DATA SHOWN
+===+

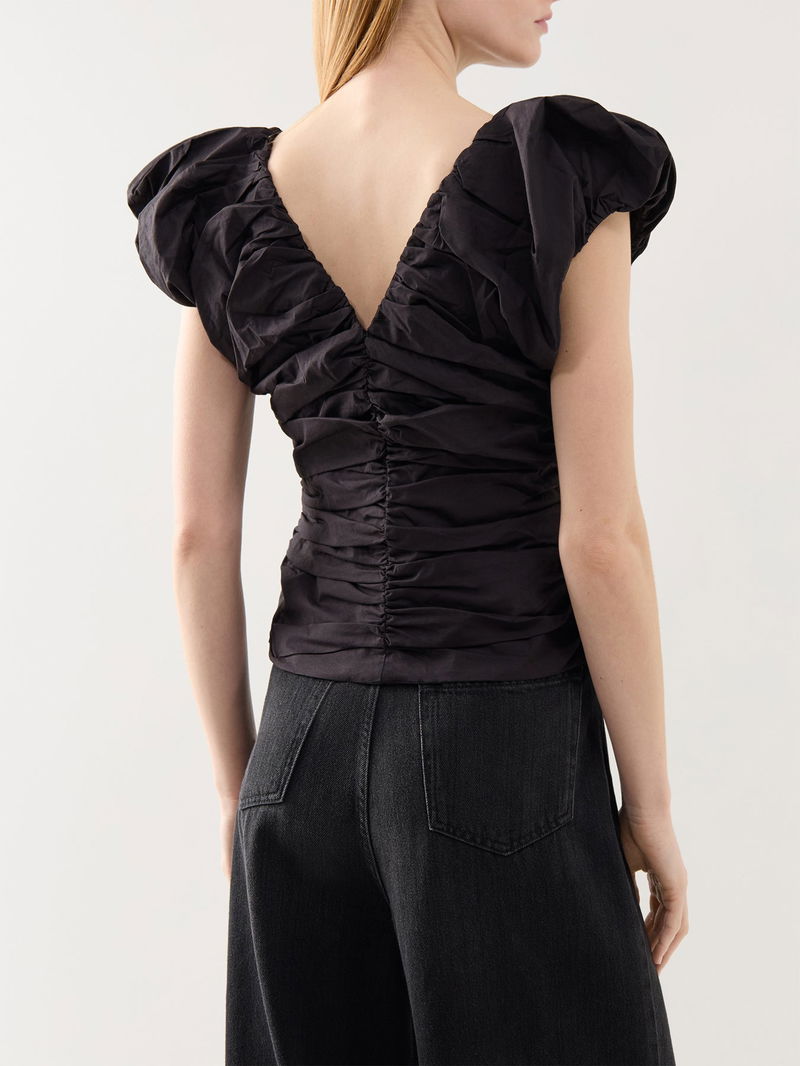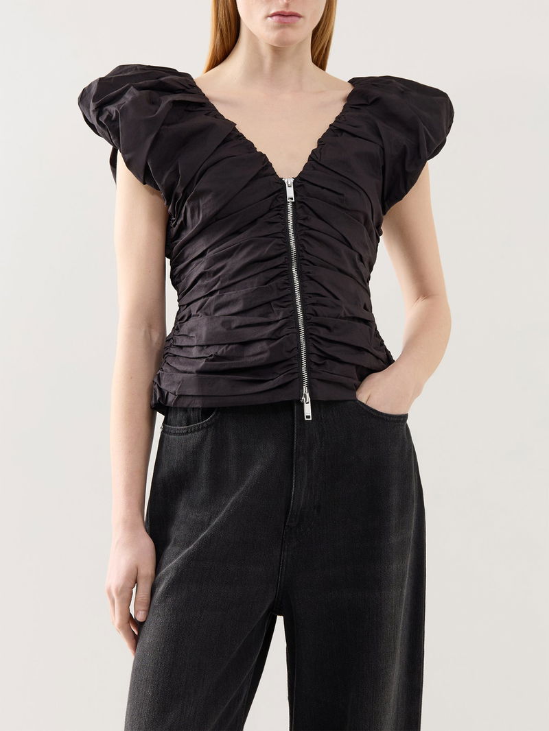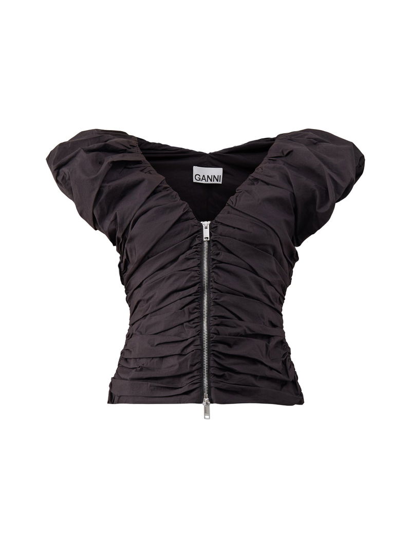 The Stretch Cotton Ruched Top by Ganni features a close-fitting silhouette with gathered detailing for subtle shape. Informed by Scandinavian design principles, the brand creates expressive pieces that remain effortless to wear. A refined piece designed to bring balance to a curated wardrobe.
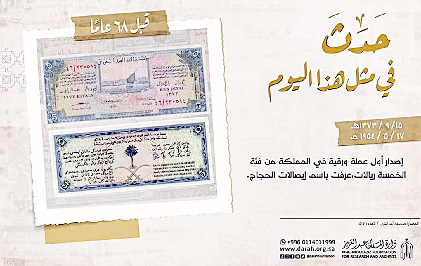 ریاض : 68 سال پہلے آج کے دن یعنی 17 مئی کو سعودی عرب نے 5 ریال کا پہلا کرنسی نوٹ جاری کیا تھا۔میڈیا کے مطابق مذکورہ کرنسی نوٹ پر
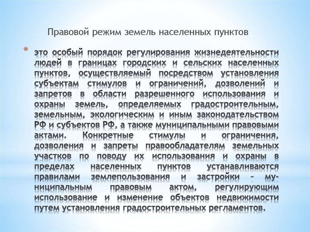 При использовании земель, относящихся к населенным пунктам, пользователями должны соблюдаться нормы законодательных актов, разработанных в данном направлении. Перед началом эксплуатации необходимо ознакомится с нюансами таких земель.
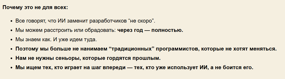 Ну и да, сам по себе найм в России умер из-за слабой экономики и отсутствия выхода на западного кабана. Еще в феврале 2022 года примерно всем более-менее в здравом уме анонам стало понятно, что это был контрольный выстрел в айти, все остальное это уже чисто конвульсии. Здесь вряд ли что-то в обозримом будущем восстановится, никакого ласкового хайра не будет.
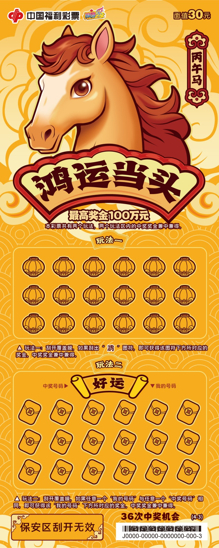 票面以红金为主色调,骏马奔驰画面气势恢宏,象征以昂扬姿态迎接新年的勃勃生机。最高奖金100万元,共50次中奖机会。
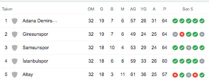 Mustafa Denizli'nin imzayı attığı Altay'ın 57 puanı bulunmakta.
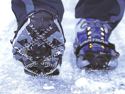 Et c’est reparti sur une neige bien damée, bien glacée, bien glissante… Je redouble d’effort pour suivre mes compagnons de course, et en me demandant comment ils font pour tenir debout dans les dévers, je m’aperçois qu’ils ont aux pieds ces fameux Yaktrax, les chaînes du trailer !
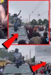 To show his love and appreciation for the fans’ support, He came out of his Toyota Land Cruiser’s sunroof to spray money into the air, which many people rushed to grab as he exited.
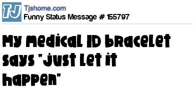 - # 71614 Just bought me a medical alert bracelet that says... "probably just sh!tfaced"
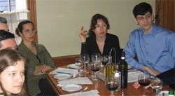 Co-authors of ROMANIA REDUX at Alex Fund event in NYC (March 16-05) Lft to Rt: Joaquin Altenberg, Manuel Costescu, Cristiana Pasca, Dan Dimancescu, Verena Kugi, Tiberius Vadan (missing: Anca Harasim and Marian Stas) ... and at Harvard Center for European Studies (April 8-05) middle left and below V. Kugi and M. Costescu: |
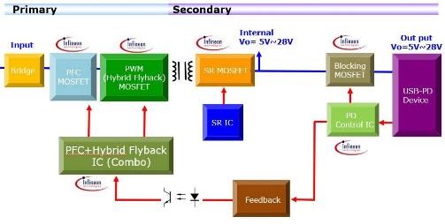 圖示3-大聯大品佳基于Infineon產品的140W電源適配器方案的方塊圖
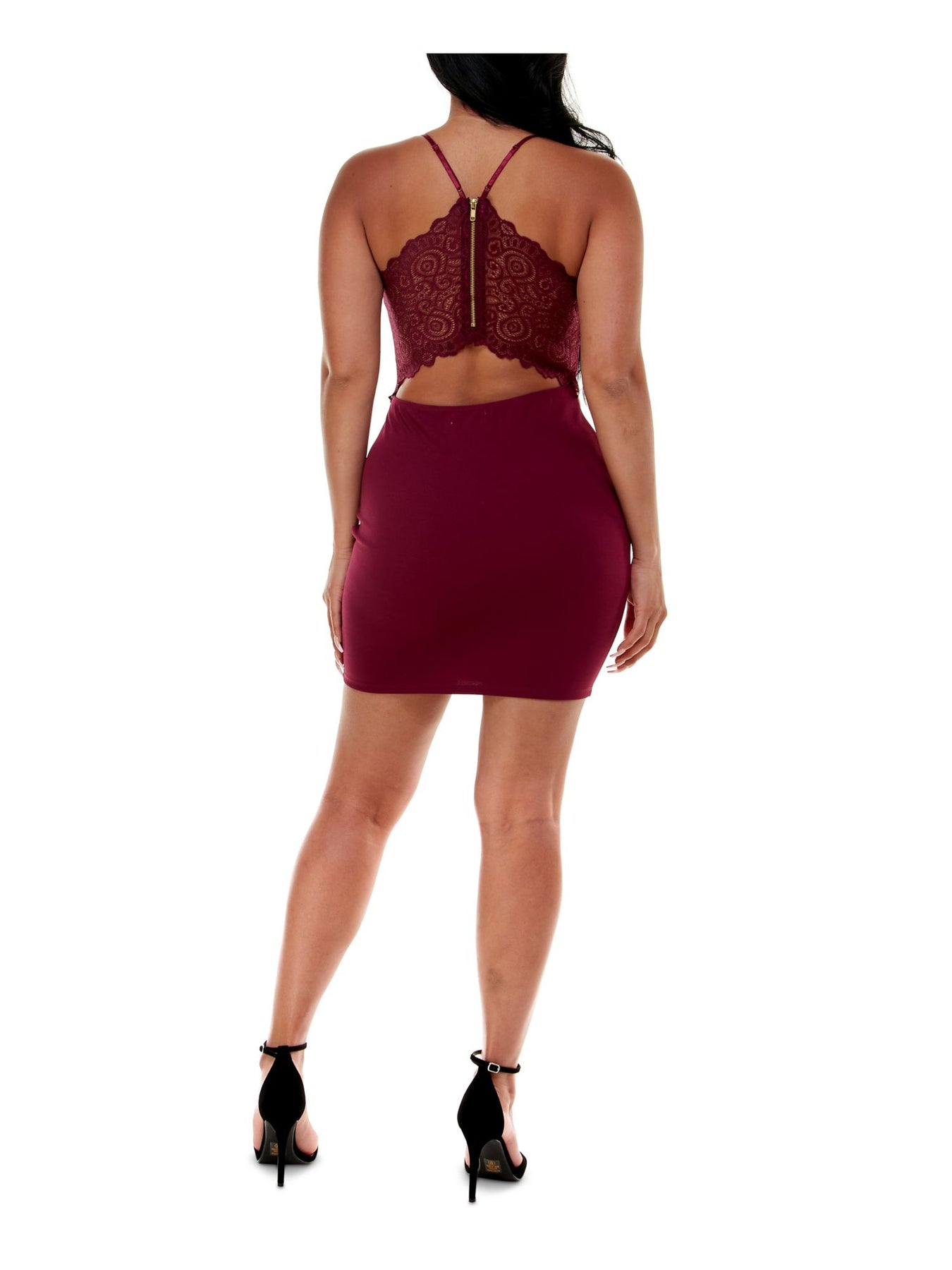 EMERALD SUNDAE Womens Burgundy Stretch Zippered Lace Cut-out Back Cupped Spaghetti Strap Square Neck Short Party Body Con Dress S
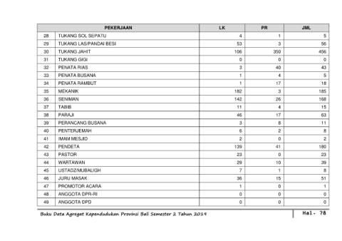 Buku Data Agregat Kependudukan Provinsi Bali Semester 2 Tahun 2019 Hal. 78
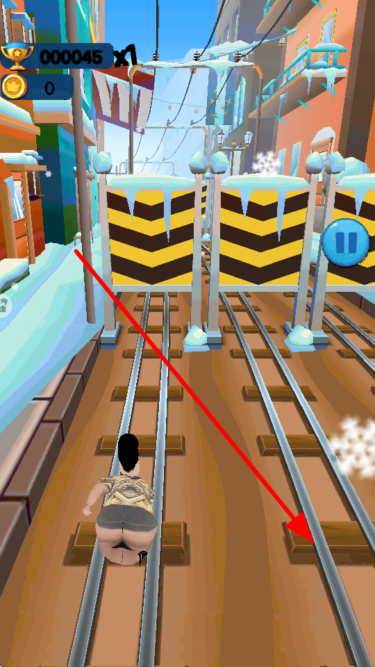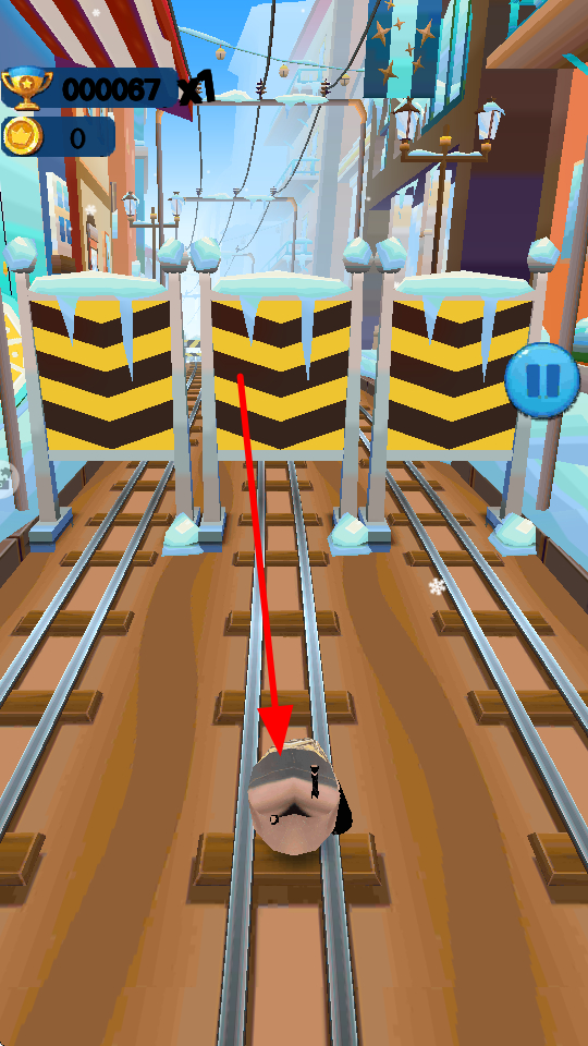 1、左右滑动屏幕,操控角色在轨道间移动,躲避障碍物,同时寻找获取金币的机会。
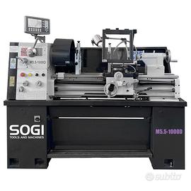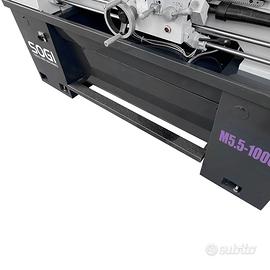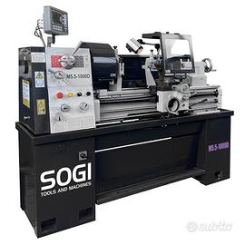 Il tornio parallelo SOGI M5.5-1000D è una macchina utensile professionale, dalle linee tradizionali, progettata per la lavorazione di materiali metallici, leghe derivate e molto altro in grado di effettuare torniture (sia coniche che cilindriche), filettature (sia Metriche che Whitworth), forature, alesature, profilature ecc.
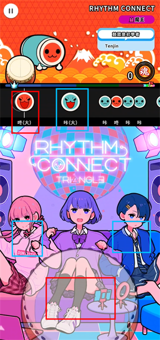 红色音符“咚”击打鼓面,蓝色音符“咔”敲击鼓边,大鼓图标需双手同步重击;连续长条音符则需保持节奏连打;所有操作均适配手机触控特性,响应迅捷、反馈清晰。
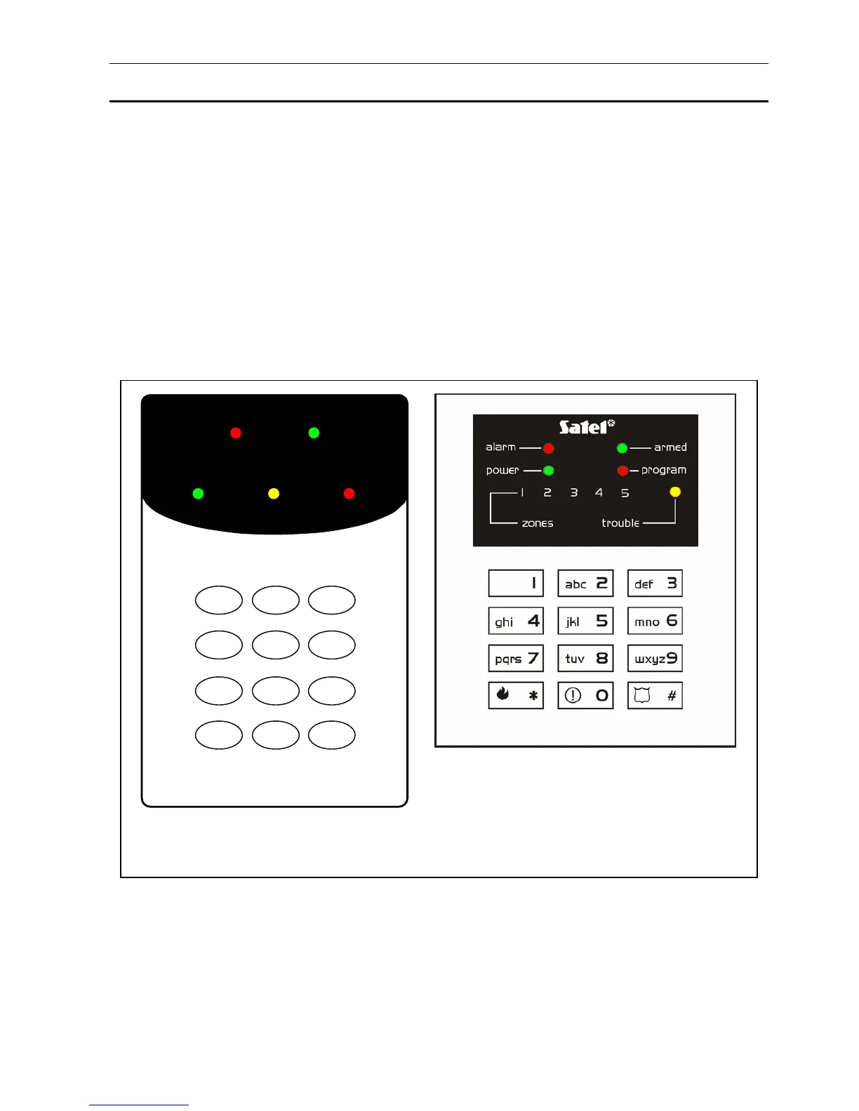 The keypad provides information on the security system status by means of 10 light emitting
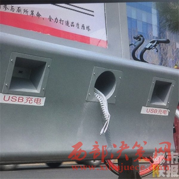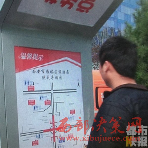 西安小寨街頭出現(xiàn)便民導廁神器,還能給手機充電。
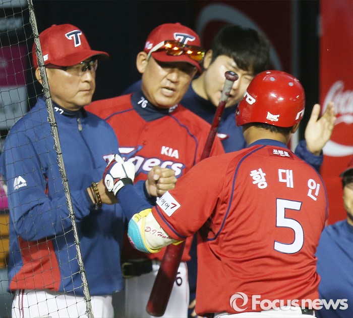 (서울=포커스뉴스) 18일 서울 잠실구장에서 열린 2016프로야구 KIA-두산 경기 5회초 KIA 황대인이 김주형에 이어 백투백으로 좌월 홈런을 치고 덕아웃에서 김기태 감독의 환영을 받고 있다.

+===+

I would like the material repeated in full and exactly, with its images omitted.

 The Stretch Cotton Ruched Top by Ganni features a close-fitting silhouette with gathered detailing for subtle shape. Informed by Scandinavian design principles, the brand creates expressive pieces that remain effortless to wear. A refined piece designed to bring balance to a curated wardrobe.
 ریاض : 68 سال پہلے آج کے دن یعنی 17 مئی کو سعودی عرب نے 5 ریال کا پہلا کرنسی نوٹ جاری کیا تھا۔میڈیا کے مطابق مذکورہ کرنسی نوٹ پر
 При использовании земель, относящихся к населенным пунктам, пользователями должны соблюдаться нормы законодательных актов, разработанных в данном направлении. Перед началом эксплуатации необходимо ознакомится с нюансами таких земель.
 Ну и да, сам по себе найм в России умер из-за слабой экономики и отсутствия выхода на западного кабана. Еще в феврале 2022 года примерно всем более-менее в здравом уме анонам стало понятно, что это был контрольный выстрел в айти, все остальное это уже чисто конвульсии. Здесь вряд ли что-то в обозримом будущем восстановится, никакого ласкового хайра не будет.
 票面以红金为主色调,骏马奔驰画面气势恢宏,象征以昂扬姿态迎接新年的勃勃生机。最高奖金100万元,共50次中奖机会。
 Mustafa Denizli'nin imzayı attığı Altay'ın 57 puanı bulunmakta.
 Et c’est reparti sur une neige bien damée, bien glacée, bien glissante… Je redouble d’effort pour suivre mes compagnons de course, et en me demandant comment ils font pour tenir debout dans les dévers, je m’aperçois qu’ils ont aux pieds ces fameux Yaktrax, les chaînes du trailer !
 To show his love and appreciation for the fans’ support, He came out of his Toyota Land Cruiser’s sunroof to spray money into the air, which many people rushed to grab as he exited.
 - # 71614 Just bought me a medical alert bracelet that says... "probably just sh!tfaced"
 Co-authors of ROMANIA REDUX at Alex Fund event in NYC (March 16-05) Lft to Rt: Joaquin Altenberg, Manuel Costescu, Cristiana Pasca, Dan Dimancescu, Verena Kugi, Tiberius Vadan (missing: Anca Harasim and Marian Stas) ... and at Harvard Center for European Studies (April 8-05) middle left and below V. Kugi and M. Costescu: |
 圖示3-大聯大品佳基于Infineon產品的140W電源適配器方案的方塊圖
 EMERALD SUNDAE Womens Burgundy Stretch Zippered Lace Cut-out Back Cupped Spaghetti Strap Square Neck Short Party Body Con Dress S
 Buku Data Agregat Kependudukan Provinsi Bali Semester 2 Tahun 2019 Hal. 78
 1、左右滑动屏幕,操控角色在轨道间移动,躲避障碍物,同时寻找获取金币的机会。
 Il tornio parallelo SOGI M5.5-1000D è una macchina utensile professionale, dalle linee tradizionali, progettata per la lavorazione di materiali metallici, leghe derivate e molto altro in grado di effettuare torniture (sia coniche che cilindriche), filettature (sia Metriche che Whitworth), forature, alesature, profilature ecc.
 红色音符“咚”击打鼓面,蓝色音符“咔”敲击鼓边,大鼓图标需双手同步重击;连续长条音符则需保持节奏连打;所有操作均适配手机触控特性,响应迅捷、反馈清晰。
 The keypad provides information on the security system status by means of 10 light emitting
 西安小寨街頭出現(xiàn)便民導廁神器,還能給手機充電。
 (서울=포커스뉴스) 18일 서울 잠실구장에서 열린 2016프로야구 KIA-두산 경기 5회초 KIA 황대인이 김주형에 이어 백투백으로 좌월 홈런을 치고 덕아웃에서 김기태 감독의 환영을 받고 있다.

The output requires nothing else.